What is needed is the full listing written out exactly, minus the pictures.

### Provided material
>>>>>
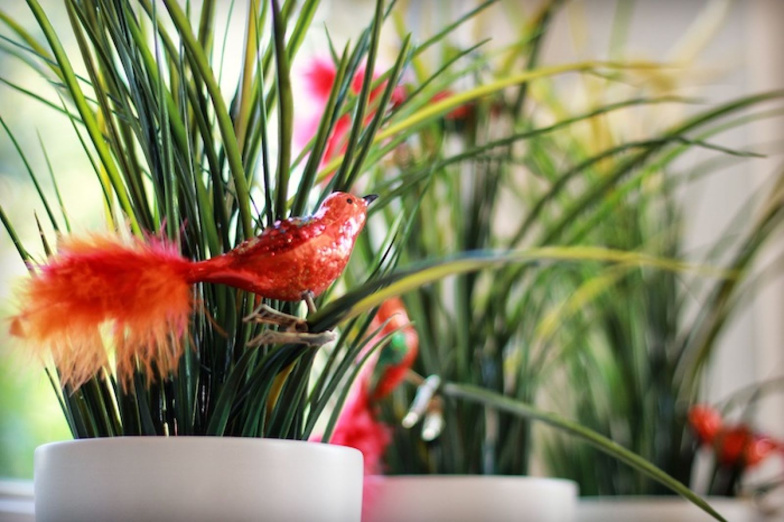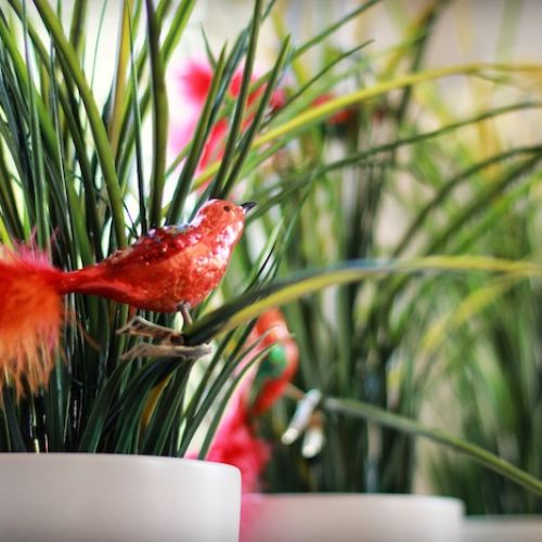 Ptaki są ręcznie wykonane ze szkła, wykończono je piórami, brokatem i cekinami. Mają klips, który umożliwia przypięcie ozdoby do lampy, zasłony czy żaluzji. Można je komponować z kwiatami, lampą, zasłonami. Dobrze wyglądają na obrusie, firanach czy żaluzjach. Zimą mogą powrócić na choinkę.
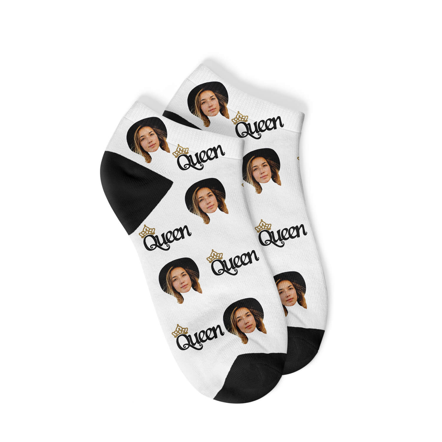 Dann sind unsere personalisierten Sneakersocken im Queen Design, die mit Deinem Foto bedruckt werden, perfekt für Dich! Passend zu den Queen Socken, gibt es auch die King Socken.
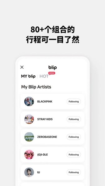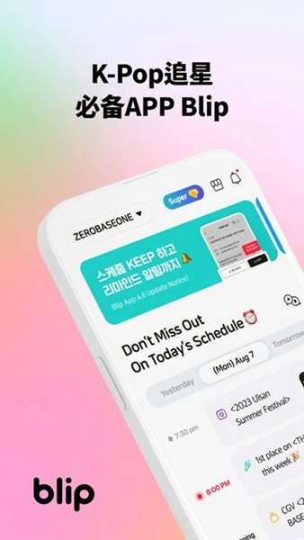 blip软件最新版是一款专门为追星族打造的韩流明星粉丝浮动交流社区,用户可以在软件中查看idol行程日常与相关影视、音乐作品,走在追星第一线。blip软件最新版拥有超过80多个韩流组合正式的日常行程表单,用户可以通过行程单,为自己的idol准备专属礼物,线下"偶遇"。此外,软件会不定期邀请明星在线直播,发糖发福利,是一个非常宠粉的粉丝交流社区。
<<<<<
### Output for this task
 Ptaki są ręcznie wykonane ze szkła, wykończono je piórami, brokatem i cekinami. Mają klips, który umożliwia przypięcie ozdoby do lampy, zasłony czy żaluzji. Można je komponować z kwiatami, lampą, zasłonami. Dobrze wyglądają na obrusie, firanach czy żaluzjach. Zimą mogą powrócić na choinkę.
 Dann sind unsere personalisierten Sneakersocken im Queen Design, die mit Deinem Foto bedruckt werden, perfekt für Dich! Passend zu den Queen Socken, gibt es auch die King Socken.
 blip软件最新版是一款专门为追星族打造的韩流明星粉丝浮动交流社区,用户可以在软件中查看idol行程日常与相关影视、音乐作品,走在追星第一线。blip软件最新版拥有超过80多个韩流组合正式的日常行程表单,用户可以通过行程单,为自己的idol准备专属礼物,线下"偶遇"。此外,软件会不定期邀请明星在线直播,发糖发福利,是一个非常宠粉的粉丝交流社区。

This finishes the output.